◆ Aim of the exercise: From the first line to the last, output the data exactly as it stands, minus its pictures.

[Source data — start]

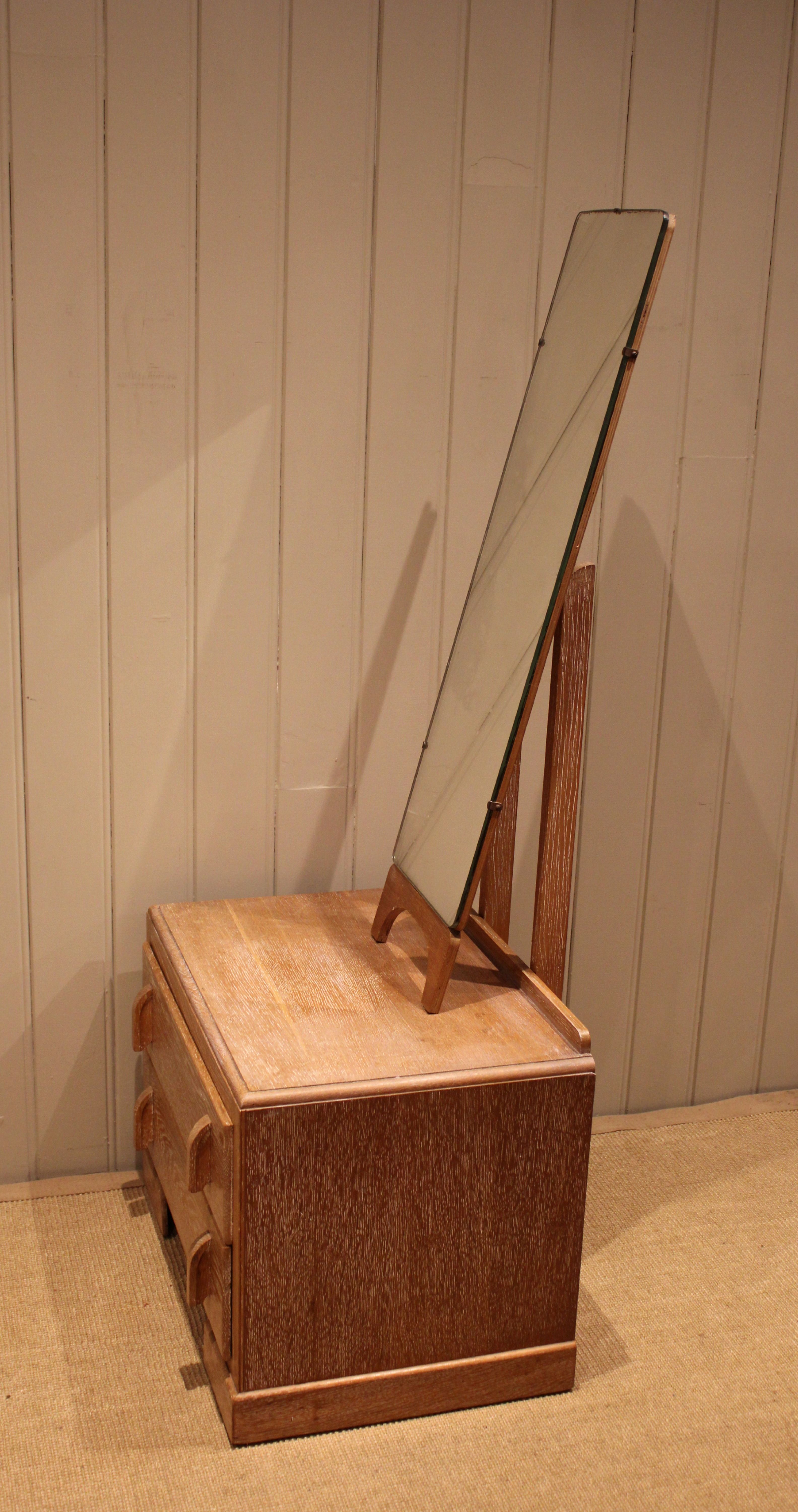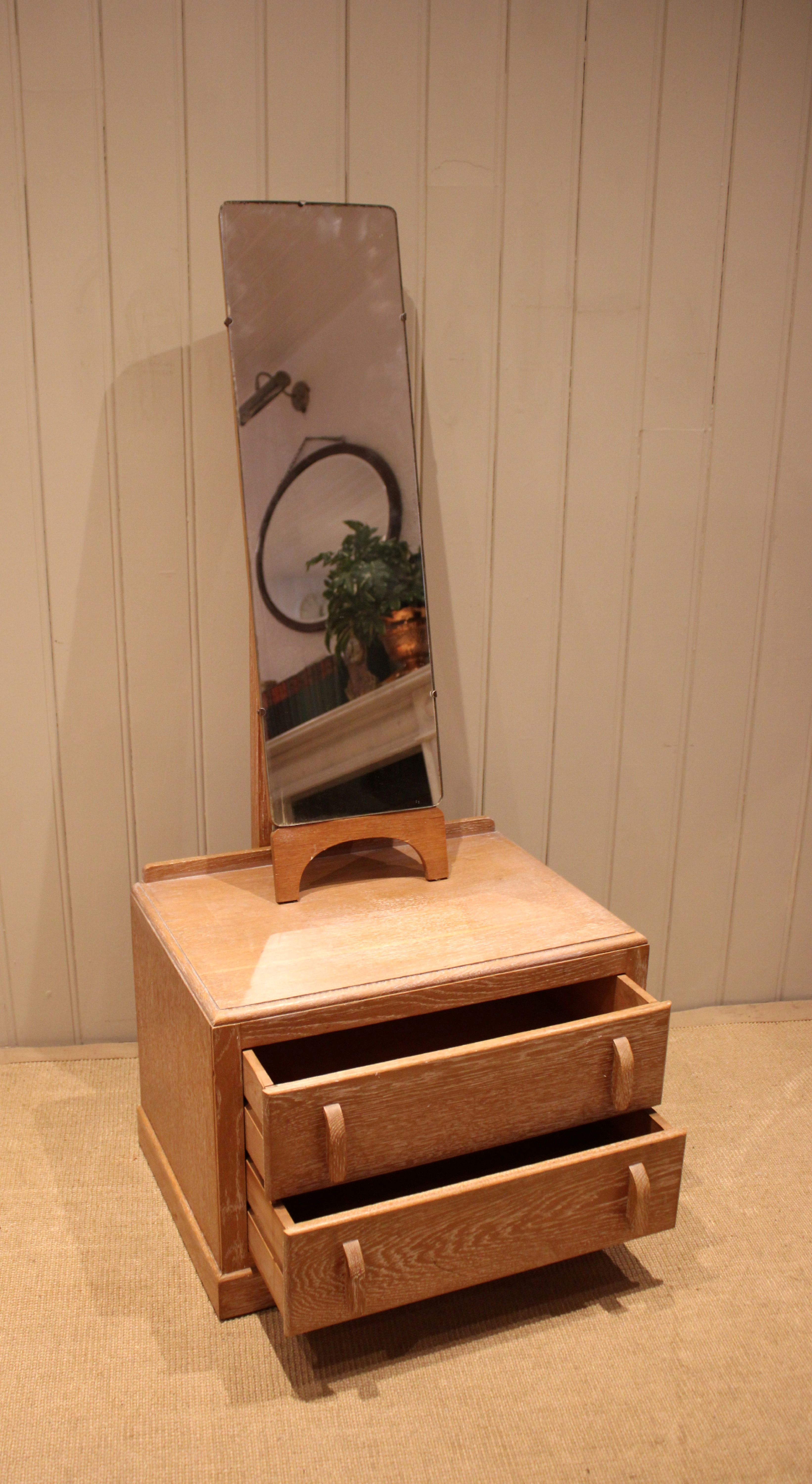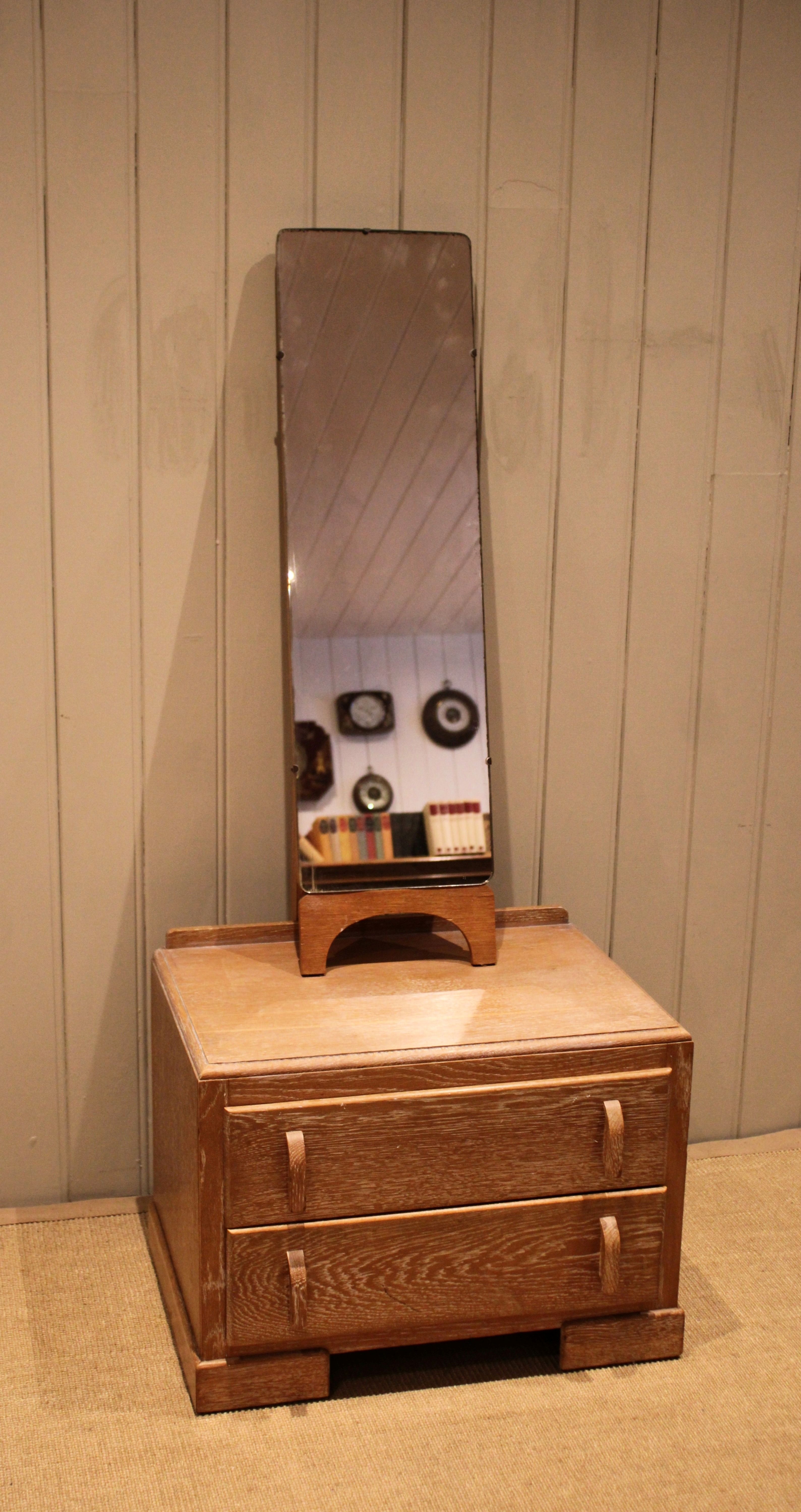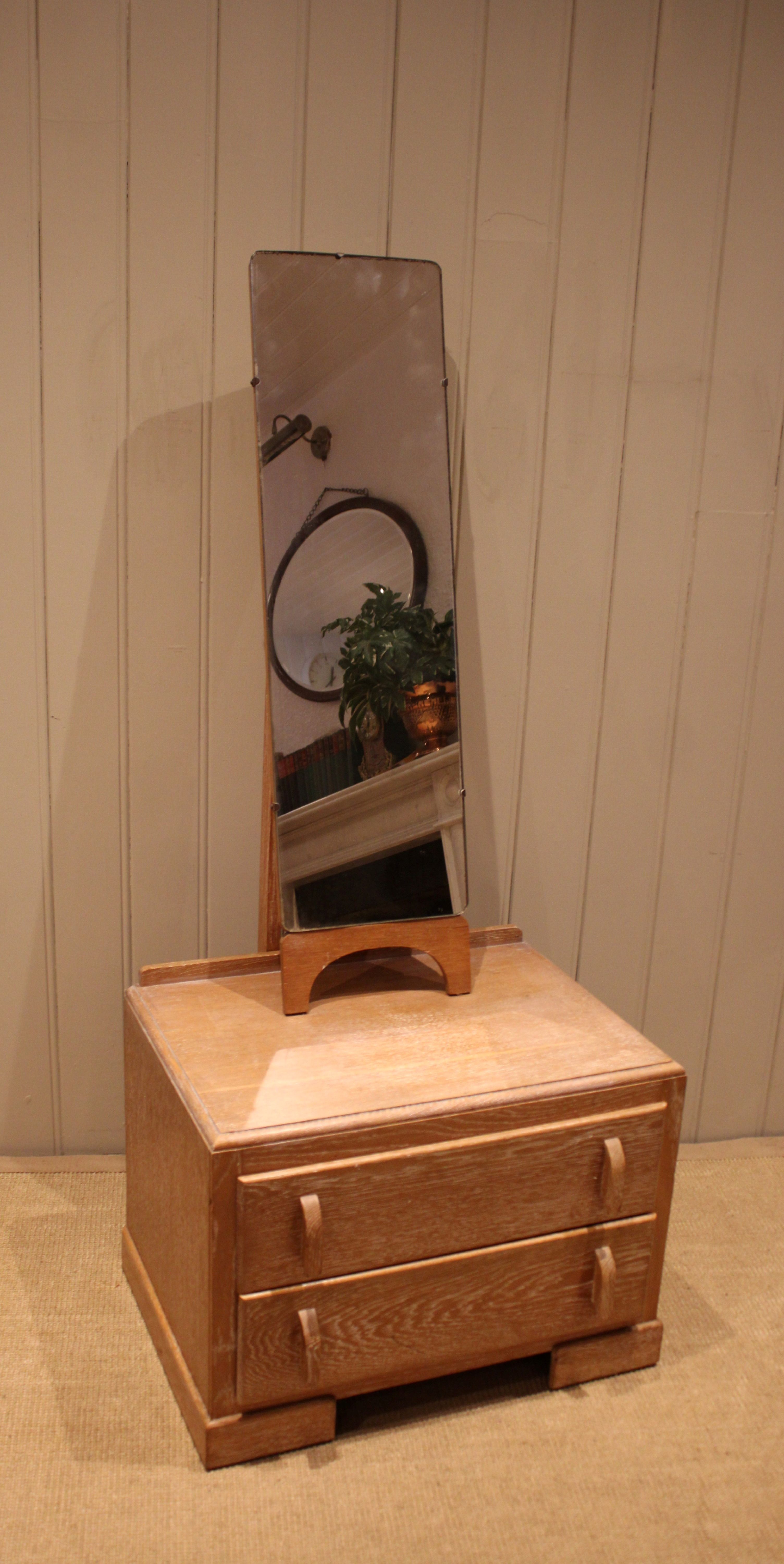 Small limed oak cabinet having two drawers with a mirror mounted to the top , raised on bracket feet .
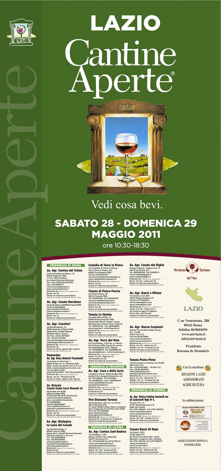 l 28-29 maggio 2011 di nuovo Cantine Aperte in tutte le regioni d’Italia e si annuncia già per le oltre 1000 cantine socie come un evento di grande rilievo;Diciassettesima edizione per il Lazio che aprirà le sue cantine agli appassionati. Il vino laziale in costante aumento di qualità e sempre più apprezzato si propone quale protagonista e motivo d’interesse per Turisti, Tour Operators, Buyers e Opinion Leaders. Tante le manifestazioni che allieteranno gli enoturisti nelle aziende, che saranno accolti come veri amici dai migliori produttori associati, guidati tra botti e gallerie, per degustare il loro vino abbinato ai prodotti tipici dell’agricoltura locale nell’Angolo Dei Sapori (Olio extravergine di oliva, Pane, salumi, formaggi, porchetta, prodotti biologici e sottolio, dolci, miele, marmellate ed altre golosità) per promuovere oltre al vino i prodotti agricoli e gastronomici dei territori della Regione Lazio, poiché la qualità e la varietà delle produzioni agricole e alimentari tipiche sono la storia del territorio e della gente che lo popola. E’ dal 1994 che il Turismo del Vino del Lazio sostiene la più grande festa regionale in onore del buon vino. Dalle testimonianze raccolte dagli enoturisti è possibile tracciare un profilo di chi è l’enoturista oggi. Un visitatore sempre più attento al territorio e alle sue bellezze, che unisce la passione del vino, alla cultura e alla tradizione del territorio che va a visitare. A tal fine anche quest’anno l’Associazione del Lazio organizza “A pranzo con il vignaiolo” (a prezzi fissi e contenuti); un evento particolare, una tavola piena di entoturisti che non si conoscono, ma che sono accomunati dalla passione per il pianeta vino e a cui i produttori offriranno per ogni piatto il vino in abbinamento.
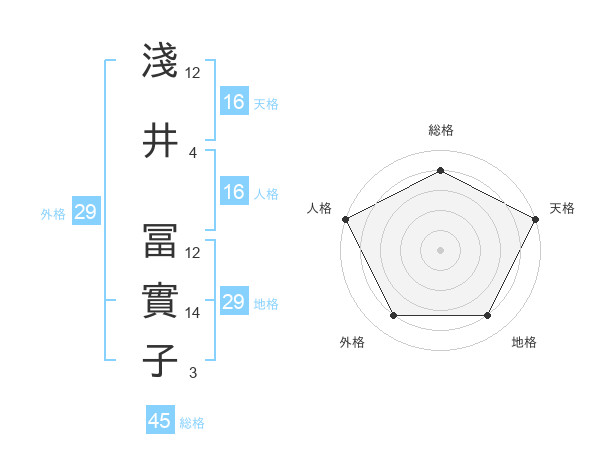 淺井 冨實子さんを姓名の画数から五運を鑑定
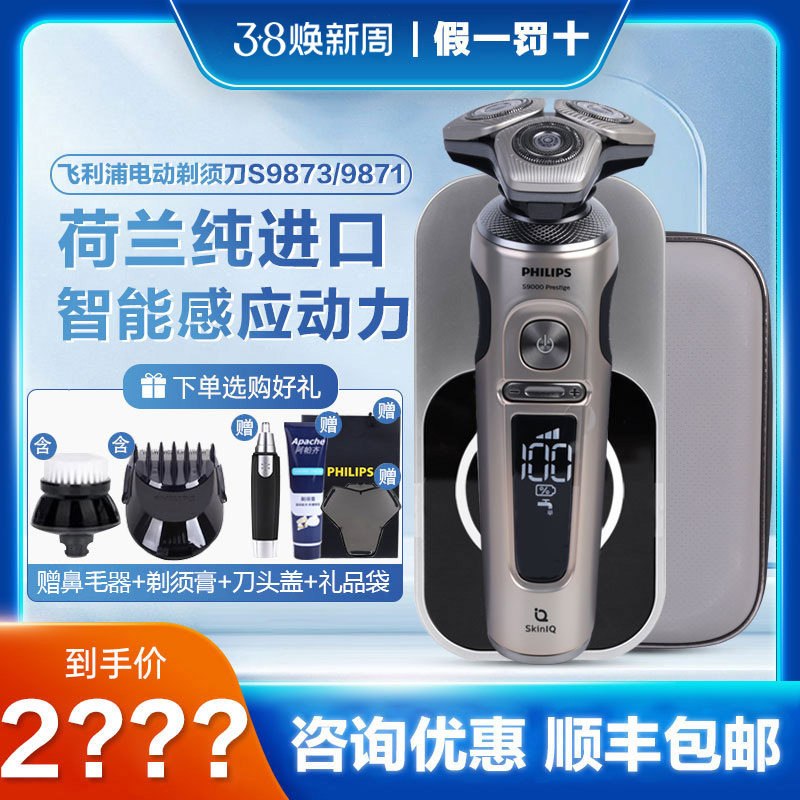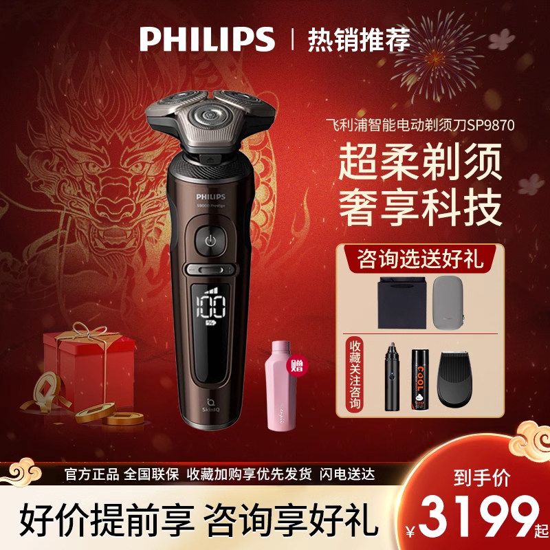 飞利浦剃须刀官方正品男士充电式电动刮胡刀智能须刨礼盒装SP9871

[Source data — finish]

◆ Output:
 Small limed oak cabinet having two drawers with a mirror mounted to the top , raised on bracket feet .
 l 28-29 maggio 2011 di nuovo Cantine Aperte in tutte le regioni d’Italia e si annuncia già per le oltre 1000 cantine socie come un evento di grande rilievo;Diciassettesima edizione per il Lazio che aprirà le sue cantine agli appassionati. Il vino laziale in costante aumento di qualità e sempre più apprezzato si propone quale protagonista e motivo d’interesse per Turisti, Tour Operators, Buyers e Opinion Leaders. Tante le manifestazioni che allieteranno gli enoturisti nelle aziende, che saranno accolti come veri amici dai migliori produttori associati, guidati tra botti e gallerie, per degustare il loro vino abbinato ai prodotti tipici dell’agricoltura locale nell’Angolo Dei Sapori (Olio extravergine di oliva, Pane, salumi, formaggi, porchetta, prodotti biologici e sottolio, dolci, miele, marmellate ed altre golosità) per promuovere oltre al vino i prodotti agricoli e gastronomici dei territori della Regione Lazio, poiché la qualità e la varietà delle produzioni agricole e alimentari tipiche sono la storia del territorio e della gente che lo popola. E’ dal 1994 che il Turismo del Vino del Lazio sostiene la più grande festa regionale in onore del buon vino. Dalle testimonianze raccolte dagli enoturisti è possibile tracciare un profilo di chi è l’enoturista oggi. Un visitatore sempre più attento al territorio e alle sue bellezze, che unisce la passione del vino, alla cultura e alla tradizione del territorio che va a visitare. A tal fine anche quest’anno l’Associazione del Lazio organizza “A pranzo con il vignaiolo” (a prezzi fissi e contenuti); un evento particolare, una tavola piena di entoturisti che non si conoscono, ma che sono accomunati dalla passione per il pianeta vino e a cui i produttori offriranno per ogni piatto il vino in abbinamento.
 淺井 冨實子さんを姓名の画数から五運を鑑定
 飞利浦剃须刀官方正品男士充电式电动刮胡刀智能须刨礼盒装SP9871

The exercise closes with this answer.